Celle que rapporte The Asahi Shimbun a de quoi étonner: les services de location de voiture du pays ont récemment réalisé qu'un nombre croissant de leurs client·es occupaient leurs véhicules pour faire toute autre chose que rouler.
«Nous n'avons pas une idée claire de la manière dont nos clients se servent de nos véhicules, a reconnu au quotidien nippon un responsable des relations publiques d'Orix Auto Corp. Tout ce que nous pouvons dire, c'est que les données montrent qu'un certain nombre de personnes louent des voitures sans les conduire.»
Déjeuner, chant ou sieste
Autre acteur du marché, NTT Docomo a voulu éclaircir le mystère et a conduit en 2018 un sondage auprès de 400 de ses locataires. Il en est ressorti que plus de 12% de sa clientèle ne louait pas ses véhicules à des fins de transport.
Certain·es y font la sieste, d'autres y déjeunent, d'autres encore se servent de cet espace privé pour discuter au téléphone avec des proches ou des contacts professionnels.
L'étude de NTT Docomo a rapporté d'autres cas plus étonnants: des personnes louaient les véhicules pour regarder la télévision, pratiquer le chant, rapper, apprendre l'anglais, s'habiller pour Halloween ou faire des exercices de gymnastique faciale.
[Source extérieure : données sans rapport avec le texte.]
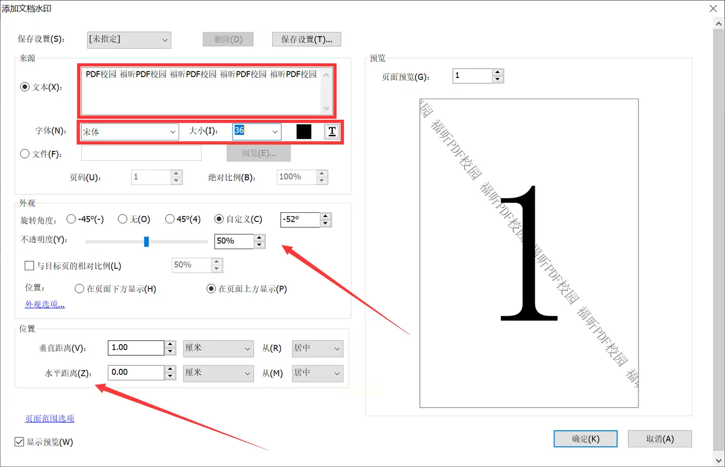 在弹出的对话框中,于“文本”框输入水印文字,并全面设置其字体、颜色、透明度、旋转及布局位置。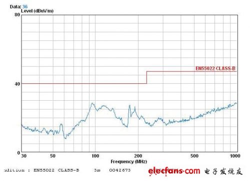 到此,再在傳導(dǎo)方面動腦筋已沒什么效果,況且空間有限,也不能加太多或太大的元件。這時輻射還超標(biāo)很多,如果輻射合格了,傳導(dǎo)也會有所改進。所以,我又轉(zhuǎn)而改進輻射問題。先將變壓器加上外屏蔽,同時在輸出端加一個200UH的磁環(huán)共模電感,再測試看到,輻射已改進了很多。

Entre le foyer et le bureau, loin des foules des restaurants et constituant un petit sanctuaire privé temporaire, ces voitures de location sont devenues de véritables tiers-lieux pour nombre de Japonais·es.
Facile et peu coûteux
Le phénomène s'explique à la fois par le manque de place dans certaines zones de l'archipel et par la facilité avec laquelle il est possible, à chaque heure de chaque jour, de louer l'une de ces voitures pour une courte durée sur l'un des dizaines de milliers de parkings réservés par les compagnies d'autopartage.
Il faut ajouter que le coût de l'opération est faible. The Asahi Shimbun évoque un prix de 400 yens (moins de 3,5 euros) pour trente minutes: «Presque autant que si je passais ce temps dans un cybercafé», raconte un employé de 31 ans, qui s'adonne à cette pratique de la location statique pour dormir ou déjeuner.
Ce détournement de leur business surprend les entreprises de location autant qu'elle les pénalise: un véhicule en mouvement leur rapporte plus d'argent qu'un véhicule statique. Elles mettent également en avant le coût environnemental de la pratique, la clientèle laissant souvent le moteur tourner pour profiter du chauffage en hiver et de la climatisation en été.